Work request – Please reproduce the lines from the one containing "同时,该软件还兼容播放iPo" through the end of the data below exactly as they stand, and omit all pictures.

Input below:

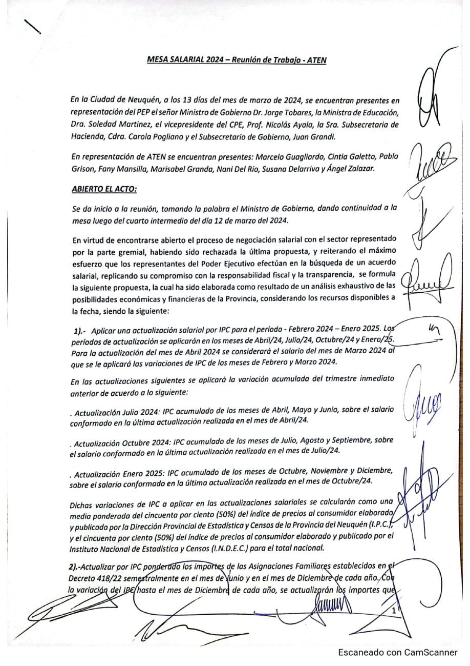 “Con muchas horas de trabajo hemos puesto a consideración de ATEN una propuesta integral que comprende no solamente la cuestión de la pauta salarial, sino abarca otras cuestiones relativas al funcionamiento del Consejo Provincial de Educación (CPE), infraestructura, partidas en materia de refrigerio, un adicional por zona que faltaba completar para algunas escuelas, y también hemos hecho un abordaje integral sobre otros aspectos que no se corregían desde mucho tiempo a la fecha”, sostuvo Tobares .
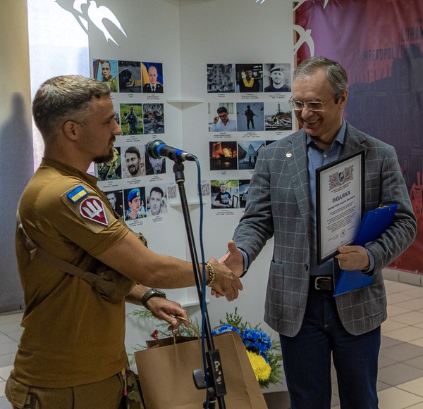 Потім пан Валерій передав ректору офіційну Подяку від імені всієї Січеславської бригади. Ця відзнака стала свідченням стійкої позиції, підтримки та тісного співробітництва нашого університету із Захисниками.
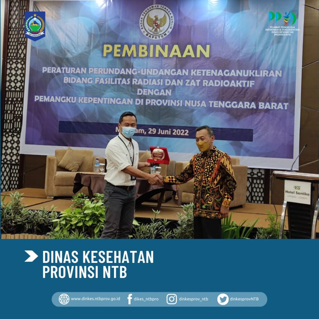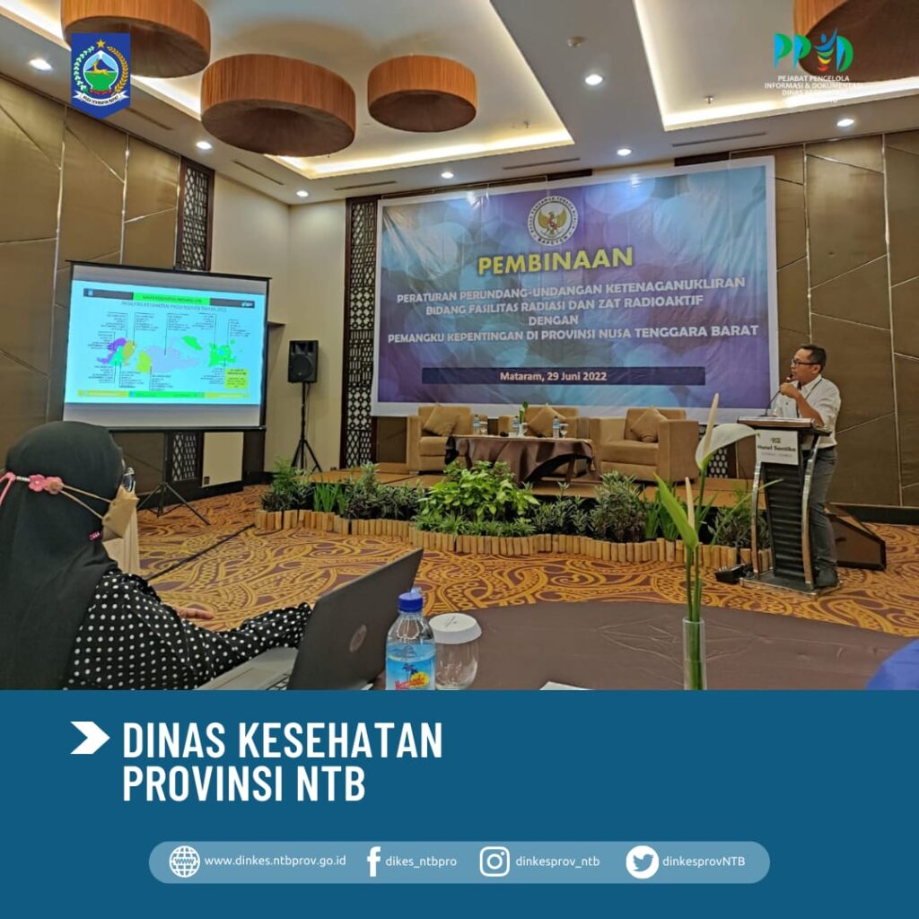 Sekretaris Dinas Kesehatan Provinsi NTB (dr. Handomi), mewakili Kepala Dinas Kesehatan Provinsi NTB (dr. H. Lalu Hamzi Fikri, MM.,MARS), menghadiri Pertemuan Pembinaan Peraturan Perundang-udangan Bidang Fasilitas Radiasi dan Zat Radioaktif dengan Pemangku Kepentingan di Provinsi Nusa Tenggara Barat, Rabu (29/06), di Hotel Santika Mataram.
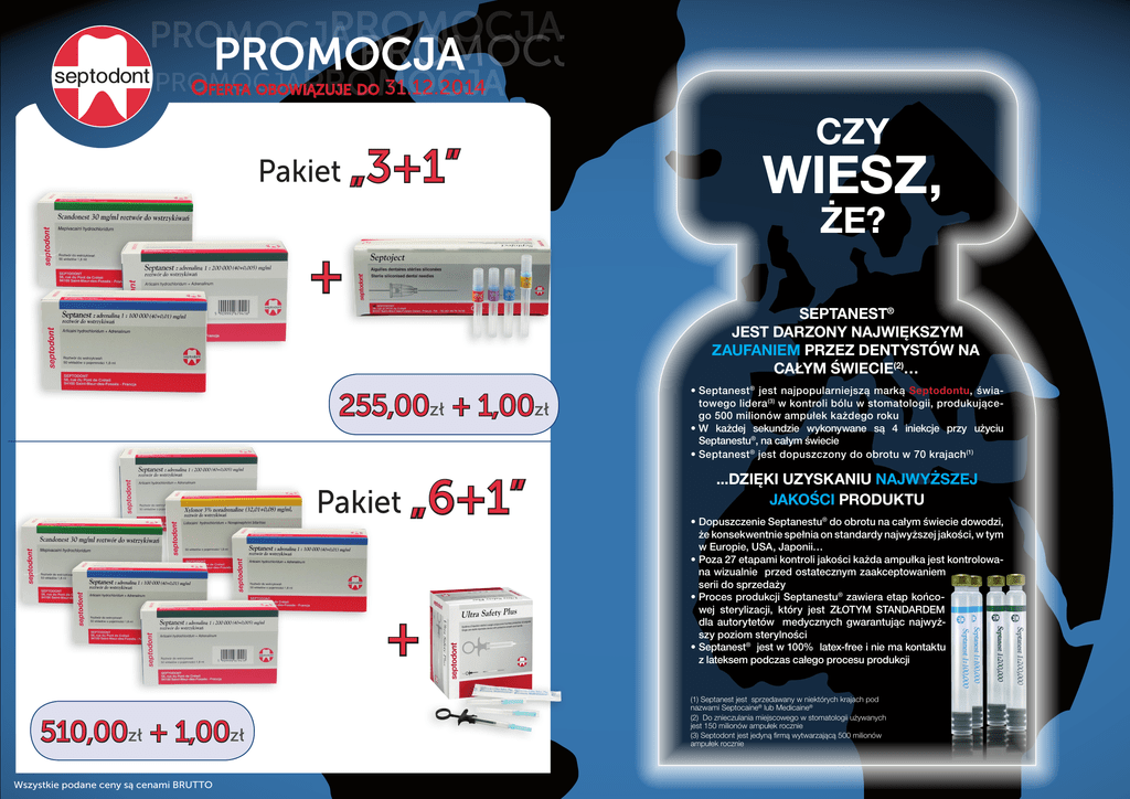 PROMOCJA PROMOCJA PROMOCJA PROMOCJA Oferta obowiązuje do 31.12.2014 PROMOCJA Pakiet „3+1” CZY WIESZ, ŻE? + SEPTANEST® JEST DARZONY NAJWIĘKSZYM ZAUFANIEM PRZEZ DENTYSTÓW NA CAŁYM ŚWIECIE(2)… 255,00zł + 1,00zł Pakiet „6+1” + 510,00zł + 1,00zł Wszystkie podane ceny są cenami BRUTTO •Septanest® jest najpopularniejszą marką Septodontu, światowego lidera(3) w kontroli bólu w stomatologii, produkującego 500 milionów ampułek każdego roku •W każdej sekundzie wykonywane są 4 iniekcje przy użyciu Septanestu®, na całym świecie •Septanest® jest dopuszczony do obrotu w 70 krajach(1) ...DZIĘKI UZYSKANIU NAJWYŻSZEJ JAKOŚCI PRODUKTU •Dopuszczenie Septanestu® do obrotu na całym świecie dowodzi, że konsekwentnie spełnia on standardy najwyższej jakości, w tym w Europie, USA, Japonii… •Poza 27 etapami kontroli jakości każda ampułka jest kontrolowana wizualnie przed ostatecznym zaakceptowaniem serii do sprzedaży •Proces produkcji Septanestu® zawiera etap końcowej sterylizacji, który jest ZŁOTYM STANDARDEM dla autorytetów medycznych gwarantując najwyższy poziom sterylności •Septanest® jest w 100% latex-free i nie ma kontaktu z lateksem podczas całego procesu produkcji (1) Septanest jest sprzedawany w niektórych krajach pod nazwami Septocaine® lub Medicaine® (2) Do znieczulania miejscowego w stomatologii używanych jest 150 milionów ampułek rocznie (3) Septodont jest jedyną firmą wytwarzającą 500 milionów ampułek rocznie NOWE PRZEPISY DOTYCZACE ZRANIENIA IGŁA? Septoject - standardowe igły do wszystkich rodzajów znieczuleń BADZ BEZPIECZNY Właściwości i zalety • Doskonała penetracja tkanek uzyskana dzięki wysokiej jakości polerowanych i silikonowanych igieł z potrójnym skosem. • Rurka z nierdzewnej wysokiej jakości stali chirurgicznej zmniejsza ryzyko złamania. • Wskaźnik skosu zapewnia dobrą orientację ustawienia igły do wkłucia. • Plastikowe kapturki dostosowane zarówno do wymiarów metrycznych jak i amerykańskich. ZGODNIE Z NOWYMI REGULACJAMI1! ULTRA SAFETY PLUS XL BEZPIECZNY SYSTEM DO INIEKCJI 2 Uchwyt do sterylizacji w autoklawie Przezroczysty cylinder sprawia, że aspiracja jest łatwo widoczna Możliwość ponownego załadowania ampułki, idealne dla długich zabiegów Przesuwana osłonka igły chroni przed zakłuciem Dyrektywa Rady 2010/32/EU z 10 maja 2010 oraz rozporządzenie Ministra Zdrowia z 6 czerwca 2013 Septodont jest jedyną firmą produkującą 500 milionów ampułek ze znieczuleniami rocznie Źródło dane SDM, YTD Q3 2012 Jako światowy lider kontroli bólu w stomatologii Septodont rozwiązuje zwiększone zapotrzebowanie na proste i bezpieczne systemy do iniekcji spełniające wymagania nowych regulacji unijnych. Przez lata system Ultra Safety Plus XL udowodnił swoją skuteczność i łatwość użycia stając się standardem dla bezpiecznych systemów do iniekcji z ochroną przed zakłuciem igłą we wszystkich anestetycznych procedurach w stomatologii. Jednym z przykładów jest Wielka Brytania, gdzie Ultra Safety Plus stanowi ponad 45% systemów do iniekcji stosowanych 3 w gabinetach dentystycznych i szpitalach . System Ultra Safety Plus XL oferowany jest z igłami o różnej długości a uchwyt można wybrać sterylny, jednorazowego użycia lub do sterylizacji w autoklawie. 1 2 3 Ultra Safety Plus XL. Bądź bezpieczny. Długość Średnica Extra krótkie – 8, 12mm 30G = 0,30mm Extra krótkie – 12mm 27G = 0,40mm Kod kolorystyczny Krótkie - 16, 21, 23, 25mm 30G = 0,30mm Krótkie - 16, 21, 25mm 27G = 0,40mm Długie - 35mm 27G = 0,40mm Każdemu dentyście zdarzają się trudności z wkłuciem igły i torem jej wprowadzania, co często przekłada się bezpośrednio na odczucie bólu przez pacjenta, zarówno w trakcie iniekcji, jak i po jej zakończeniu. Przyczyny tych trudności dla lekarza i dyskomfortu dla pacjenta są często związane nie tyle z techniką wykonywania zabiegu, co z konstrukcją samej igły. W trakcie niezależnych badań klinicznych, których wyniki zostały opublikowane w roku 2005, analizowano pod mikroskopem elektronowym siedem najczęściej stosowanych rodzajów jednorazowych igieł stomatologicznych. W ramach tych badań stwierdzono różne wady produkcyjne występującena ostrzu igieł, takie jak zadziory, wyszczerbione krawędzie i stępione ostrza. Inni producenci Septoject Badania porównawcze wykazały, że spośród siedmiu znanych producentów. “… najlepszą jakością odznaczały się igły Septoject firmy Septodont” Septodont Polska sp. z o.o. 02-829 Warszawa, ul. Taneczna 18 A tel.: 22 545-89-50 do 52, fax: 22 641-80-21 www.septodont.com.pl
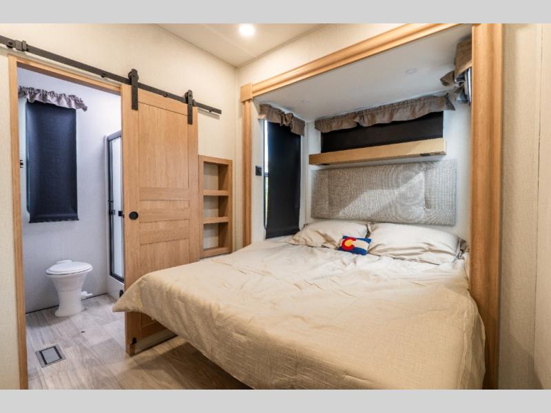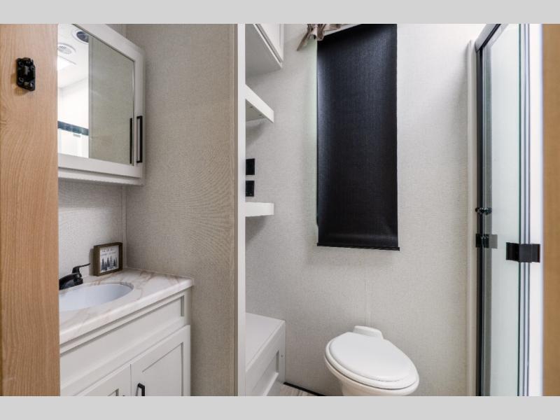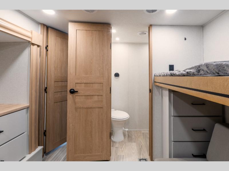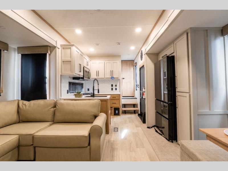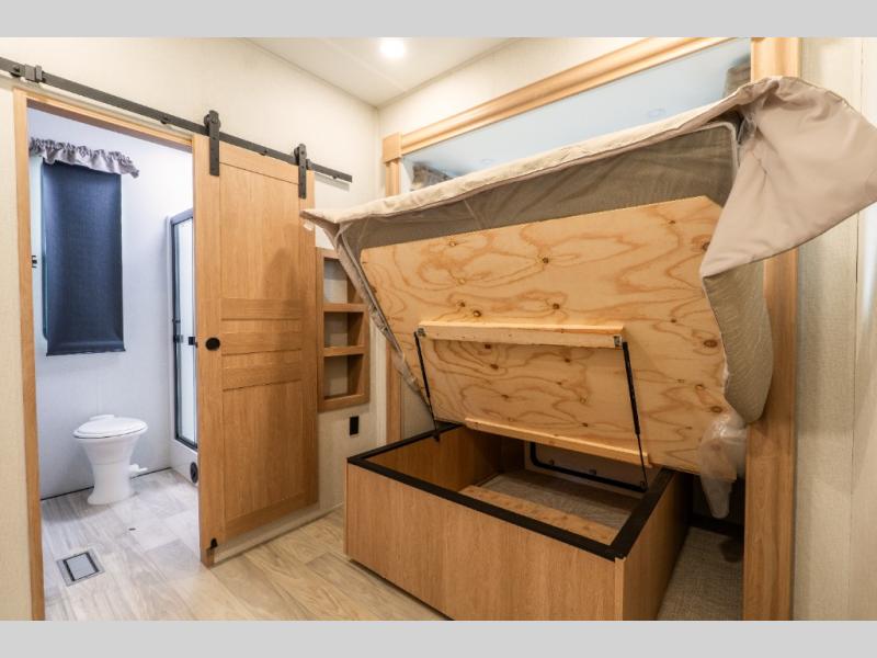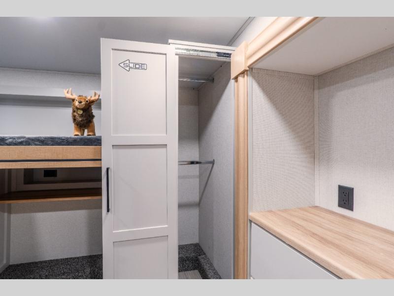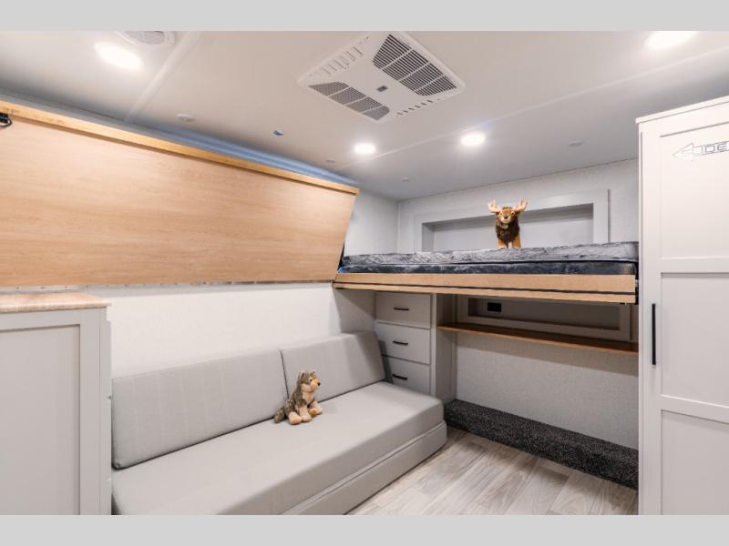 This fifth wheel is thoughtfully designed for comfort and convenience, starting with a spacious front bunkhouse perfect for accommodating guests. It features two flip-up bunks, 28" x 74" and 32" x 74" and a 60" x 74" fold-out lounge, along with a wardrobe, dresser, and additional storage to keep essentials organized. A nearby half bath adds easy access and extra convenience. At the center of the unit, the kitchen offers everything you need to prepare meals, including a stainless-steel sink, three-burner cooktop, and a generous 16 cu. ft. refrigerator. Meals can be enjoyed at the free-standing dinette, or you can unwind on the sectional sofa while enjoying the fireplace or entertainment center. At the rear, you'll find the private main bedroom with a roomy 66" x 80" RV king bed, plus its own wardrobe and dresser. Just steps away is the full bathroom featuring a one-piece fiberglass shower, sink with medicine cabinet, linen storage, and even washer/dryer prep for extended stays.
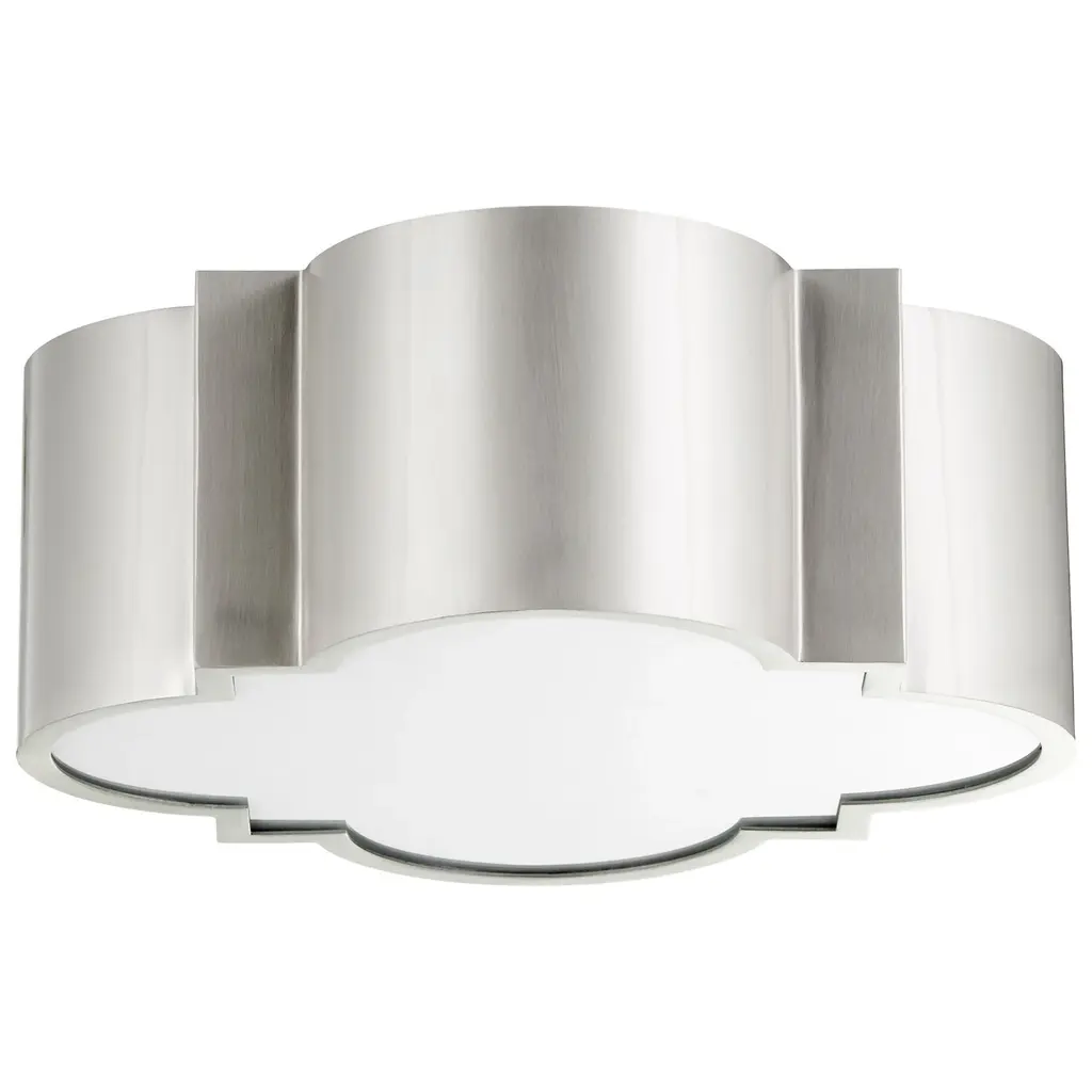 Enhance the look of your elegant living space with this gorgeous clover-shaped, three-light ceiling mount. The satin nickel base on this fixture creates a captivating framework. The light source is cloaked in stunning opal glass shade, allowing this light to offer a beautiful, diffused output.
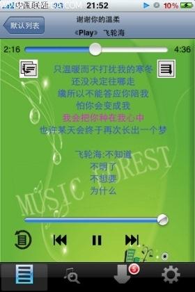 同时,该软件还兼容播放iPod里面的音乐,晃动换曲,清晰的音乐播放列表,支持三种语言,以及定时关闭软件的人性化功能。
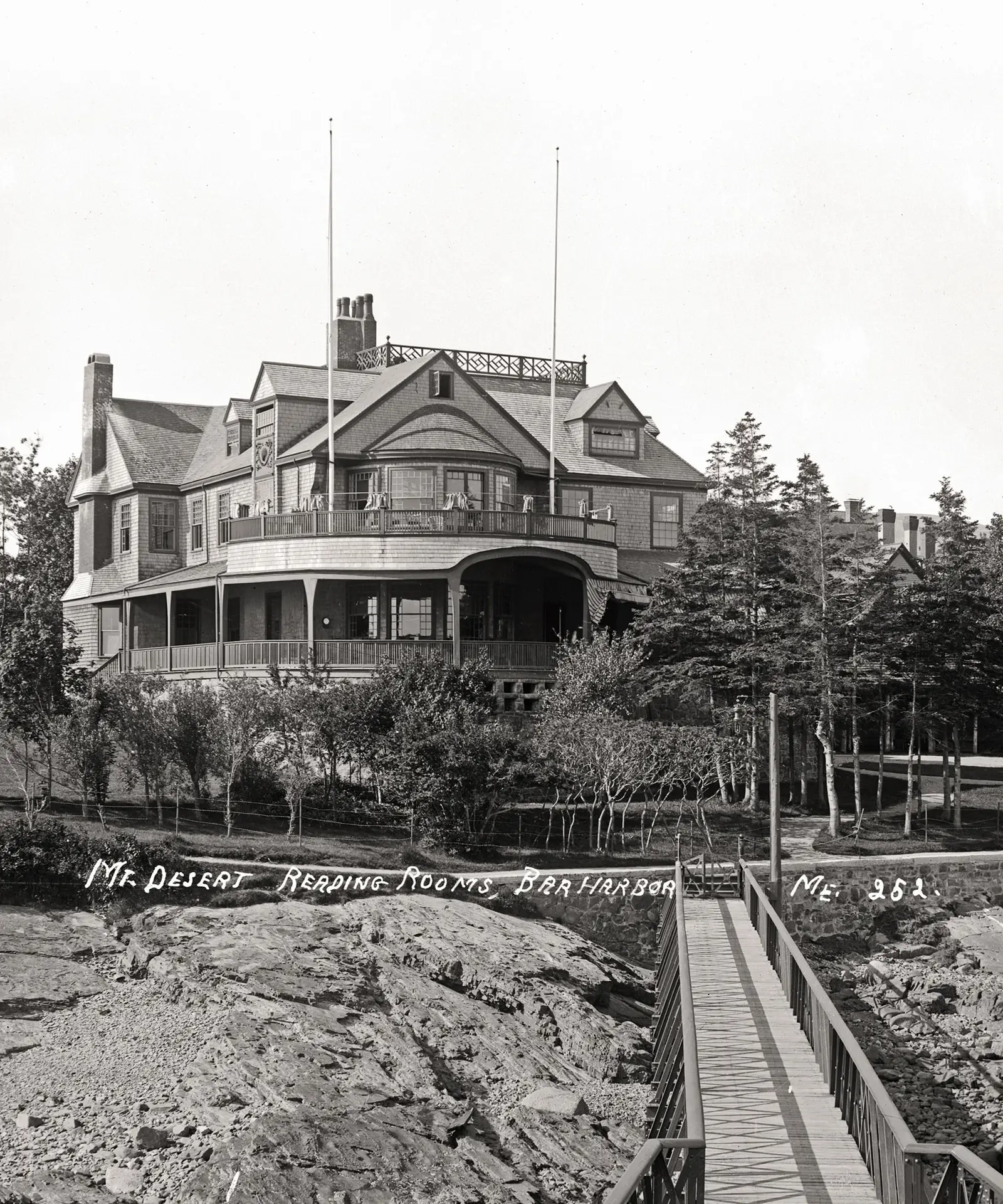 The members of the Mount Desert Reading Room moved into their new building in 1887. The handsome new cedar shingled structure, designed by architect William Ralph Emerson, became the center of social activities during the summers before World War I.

End of Input.

Task response –
 同时,该软件还兼容播放iPod里面的音乐,晃动换曲,清晰的音乐播放列表,支持三种语言,以及定时关闭软件的人性化功能。
 The members of the Mount Desert Reading Room moved into their new building in 1887. The handsome new cedar shingled structure, designed by architect William Ralph Emerson, became the center of social activities during the summers before World War I.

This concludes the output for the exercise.